*SUPPLIED RECORDS*:
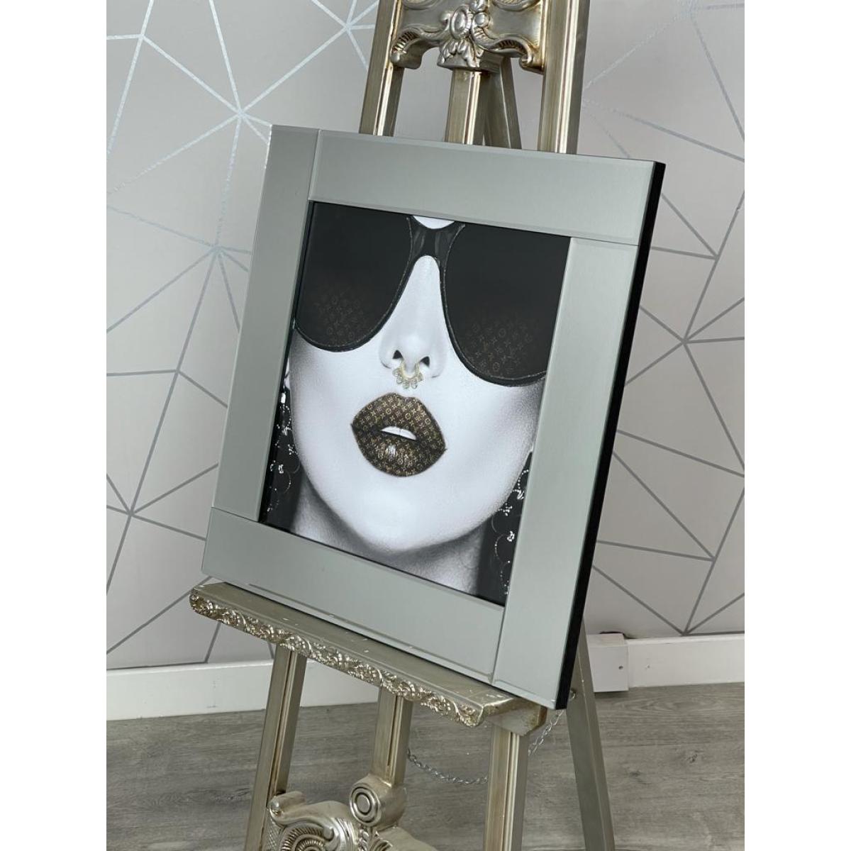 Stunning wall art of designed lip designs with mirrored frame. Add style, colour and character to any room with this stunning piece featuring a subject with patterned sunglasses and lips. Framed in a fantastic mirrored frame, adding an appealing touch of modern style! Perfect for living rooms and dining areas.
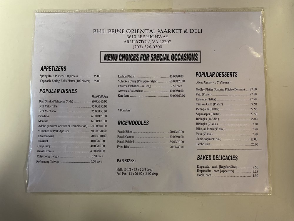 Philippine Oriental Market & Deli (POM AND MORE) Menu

--

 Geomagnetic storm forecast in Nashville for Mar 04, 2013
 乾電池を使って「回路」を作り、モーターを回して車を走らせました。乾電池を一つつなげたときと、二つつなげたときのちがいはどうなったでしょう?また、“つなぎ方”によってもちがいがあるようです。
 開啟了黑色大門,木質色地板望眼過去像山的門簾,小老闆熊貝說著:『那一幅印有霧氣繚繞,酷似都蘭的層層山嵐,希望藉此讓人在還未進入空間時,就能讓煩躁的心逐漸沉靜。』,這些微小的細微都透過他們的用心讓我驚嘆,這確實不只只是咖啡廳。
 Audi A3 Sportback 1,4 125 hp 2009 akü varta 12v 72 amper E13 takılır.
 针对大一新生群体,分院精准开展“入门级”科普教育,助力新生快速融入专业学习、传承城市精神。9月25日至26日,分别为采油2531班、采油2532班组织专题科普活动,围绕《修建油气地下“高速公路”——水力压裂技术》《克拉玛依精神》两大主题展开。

*WHAT THE TASK REQUIRES*: Copy out the range of lines above starting at the line with "乾電池を使って「回路」を作り" and ending at the line with "针对大一新生群体,分院精准开", exactly and including both.

*FINISHED TASK*:
 乾電池を使って「回路」を作り、モーターを回して車を走らせました。乾電池を一つつなげたときと、二つつなげたときのちがいはどうなったでしょう?また、“つなぎ方”によってもちがいがあるようです。
 開啟了黑色大門,木質色地板望眼過去像山的門簾,小老闆熊貝說著:『那一幅印有霧氣繚繞,酷似都蘭的層層山嵐,希望藉此讓人在還未進入空間時,就能讓煩躁的心逐漸沉靜。』,這些微小的細微都透過他們的用心讓我驚嘆,這確實不只只是咖啡廳。
 Audi A3 Sportback 1,4 125 hp 2009 akü varta 12v 72 amper E13 takılır.
 针对大一新生群体,分院精准开展“入门级”科普教育,助力新生快速融入专业学习、传承城市精神。9月25日至26日,分别为采油2531班、采油2532班组织专题科普活动,围绕《修建油气地下“高速公路”——水力压裂技术》《克拉玛依精神》两大主题展开。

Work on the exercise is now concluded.